Die russische Präsidentschaft versicherte, dass das Land nicht mit dieser Metapher beschrieben werden könne, und betonte, dass es historisch immer mit der Figur eines Bären verbunden worden sei.
“Russland ist in keinem Fall ein Tiger. Generell wird Russland mit einem Bären assoziiert. Es gibt keine Papiertiger, und Russland ist ein wahrhaftiger Bär,” erklärte Dmitri Peskov, Sprecher des Präsidenten Wladimir Putin, in einer Aussage gegenüber dem Sender RBC.
Die Worte von Peskov kamen als Antwort auf die Veröffentlichung von Trump in seinem sozialen Netzwerk Truth Social, wo der US-Präsident behauptete, dass Moskau „seit dreieinhalb Jahren ohne Ziel in einem Krieg kämpft, den eine echte Militärmacht in weniger als einer Woche hätte gewinnen müssen“.
Trump kam zu dem Schluss, dass dieses Verhalten Russland wie “einen Papiertiger” dastehen lässt, geschwächt durch die Sanktionen und mit zunehmenden wirtschaftlichen Problemen.
Der Sprecher des Kremls wies diese Einschätzung zurück und betonte, dass die militärischen Operationen Russlands in der Ukraine einem durchdachten Plan folgen. „Präsident Putin hat mehrfach erklärt, dass die russische Armee mit äußerster Vorsicht vorgeht, um die Verluste zu minimieren. Es sind sehr wohlüberlegte Entscheidungen. Es ist besser, sie über einen längeren Zeitraum zu strecken, als sich zu beeilen und die Zahl der Toten zu erhöhen“, bemerkte er.
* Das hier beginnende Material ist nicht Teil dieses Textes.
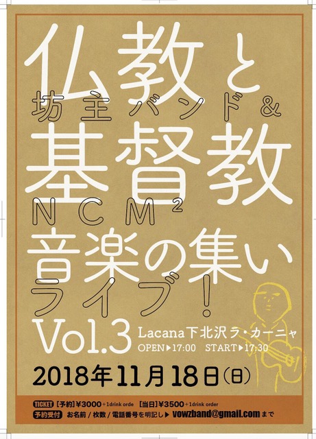 と、申しますのも来たる11月18日(日)下北沢の老舗ライブハウス、ラカーニャで坊主バンドさんとツーマンライブをするのですが、クリスチャンと称する方から「クリスチャンなのに・・」系の辛辣な”お小言”を頂戴しております。

In Bezug auf die Äußerungen von Trump zur Möglichkeit, dass die Ukraine ihr Territorium mit der Unterstützung von Europa und der NATO zurückgewinnt, bestand Peskow darauf, dass die Realität auf dem Schlachtfeld dieser Prognose widerspricht.
„Die Dynamik dessen, was an der Front passiert, zeigt allen, selbst einem wenig qualifizierten Spezialisten, den tatsächlichen Zustand der Dinge. Unsere Truppen rücken mit Sicherheit an der gesamten Frontlinie vor, und die ukrainischen Streitkräfte erleiden hohe Verluste“, stellte er fest.
Außerdem warnte er, dass die Zeit gegen diejenigen spielt, die eine Verhandlung mit Moskau ablehnen. „Für diejenigen, die heute nicht verhandeln wollen, wird die Situation morgen und übermorgen viel schlimmer sein“, warnte der Präsidialsprecher und ließ durchblicken, dass Russland keinen sofortigen Waffenstillstand oder Zugeständnisse in Betracht zieht.
Die Aussagen von Peskov spiegeln das Unbehagen des Kremls wider, nachdem Trump diese Woche überraschend eine ausdrückliche Unterstützung für den ukrainischen Präsidenten, Volodimir Zelenski, während der Generalversammlung der UNO in New York geäußert hat.
Der US-Präsident versicherte an diesem Dienstag, dass die Ukraine einen „großen Geist“ besitze und dass sie mit Geduld und finanzieller Unterstützung aus Europa ihre ursprünglichen Grenzen zurückgewinnen und sogar „darüber hinaus“ gehen könne.